Une inflation salariale portée par les décisions locales

Il faut tout de même noter que les dépenses de personnel ont également contribué à la dérive identifiée par la CRC. Si une part significative des revalorisations salariales découle de mesures nationales (Ségur de la santé, revalorisation du point d’indice, hausse du Smic), des hausses résultent directement de choix propres à la collectivité. Celle-ci a notamment instauré une revalorisation des primes pour les agents non concernés par le Ségur et a décidé d’indexer le régime indemnitaire sur l’inflation, alourdissant d’autant la masse salariale.

Pour contenir cette érosion de l’autofinancement, le Département a dû restreindre ses investissements et mobiliser d’importants leviers financiers : 30 millions d’euros ont été empruntés, et 53,7 millions ont été puisés dans les réserves. Si les seuils d’alerte n’étaient pas franchis à fin 2024, tous les indicateurs étaient orientés à la baisse.

Un équilibre budgétaire 2025 obtenu au prix d’une forte contraction

Malgré cette dégradation, le Département a adopté pour 2025 un budget primitif présenté à l’équilibre.

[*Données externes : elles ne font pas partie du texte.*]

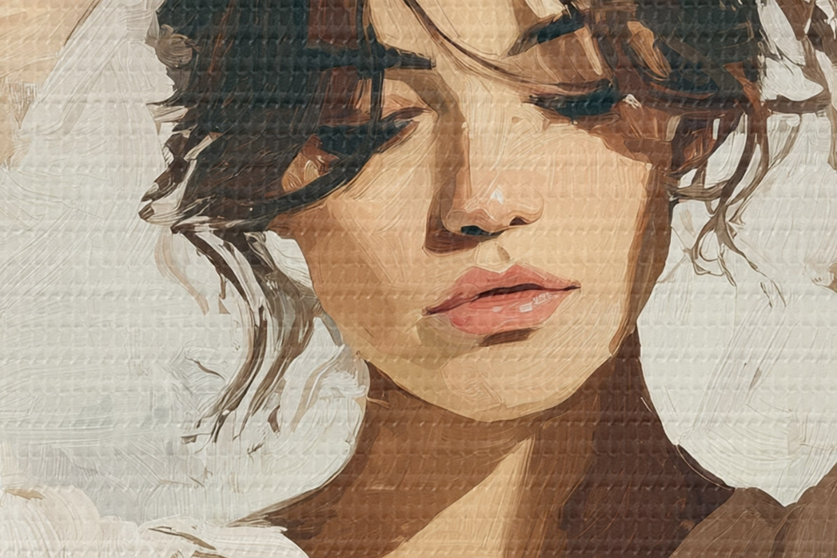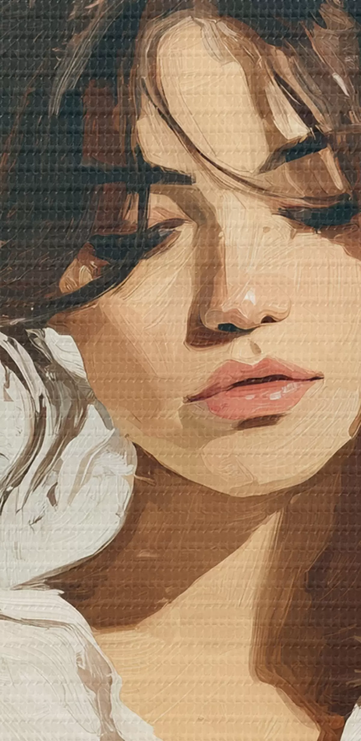 Trei tipuri de materiale sunt disponibile pentru comandă: Economic Canvas - un material dens și durabil pentru imprimarea digitală, identic cu pânza de pictor, suprafață impermeabilă, reproducere realistă a detaliilor, material cu granulație medie. Premium Canvas - textura seamănă cu cea a pânzei unui pictor (fire mici împletite). Reproducere moale, detaliată a imaginii pe o suprafață mată. Eco-Premium - țesătură 100% bumbac de înaltă calitate. Datorită fibrelor naturale de bumbac, materialul este durabil și rezistent la uzură. Reproducere excelentă a culorilor și a detaliilor.

Cet objectif a été atteint grâce à une volonté manifeste de contenir les charges, notamment en plafonnant l’évolution des aides sociales. L’Aude a également choisi de s’engager dans une expérimentation visant à fusionner les sections soins et dépendance, dans l’objectif de générer des économies et de favoriser le maintien à domicile des personnes âgées.

Mais cet équilibre apparent dissimule une réalité plus fragile. Les investissements, en recul de près de 20 millions d’euros par rapport à 2022, sont désormais limités aux seuls travaux de sécurisation et de maintenance pour les routes et les collèges. Les marges de manœuvre s’amenuisent : les réserves financières, déjà entamées, continueront à être sollicitées, et un nouveau recours à l’emprunt est prévu.

Une capacité de désendettement préoccupante

Dans ces conditions, la capacité de désendettement du Département, qui était en amélioration jusqu’en 2022, pourrait atteindre un niveau préoccupant de plus de huit années fin 2025 — un signal fort d’alerte sur la soutenabilité de la trajectoire budgétaire.

Ce constat, établi par la CRC dans le cadre d’un contrôle de l’ensemble des treize départements de la région Occitanie, intervient alors que l’État et les collectivités locales discutent de leur participation au redressement des finances publiques nationales. Dans ce contexte, la situation de l’Aude illustre les tensions croissantes auxquelles sont confrontés les départements à forte composante sociale, pris en étau entre les exigences de solidarité et les contraintes budgétaires.

« Cela ne nous dédouane pas d’une discussion serrée avec le gouvernement »

« Il faut insister sur le nécessaire rééquilibrage de cette situation, plaide la présidente du Département. La chute de nos recettes, notamment les droits de mutation à titre onéreux (taxe payée chez le notaire lors de l’acquisition d’un bien immobilier ou de foncier, NDLR), combiné à la hausse des dépenses dans le secteur social dégrade les indicateurs financiers, et pire que cela, nos marges de manœuvre et nos capacités d’action. La Chambre identifie les efforts de gestion que nous mettons en place et que nous avons déjà collectivement décidé. Elle nous invite à continuer nos efforts dans les années à venir. En l’état actuel des finances des collectivités, nous savons que ceci est nécessaire. Cependant, cela ne nous dédouane pas d’une discussion serrée, au niveau national, avec le gouvernement, pour retrouver les moyens de l’autonomie et de la libre administration des collectivités, que garantit la Constitution. » Le regroupement des Départements de France travaille sur la question pour se faire entendre auprès d’un État… qui cherche aussi à redresser la barre de ses finances.

Arnaud Gauthier

Photo : Hélène Sandragné évoque la conjoncture qui pèse sur les recettes du Département. ©A.G.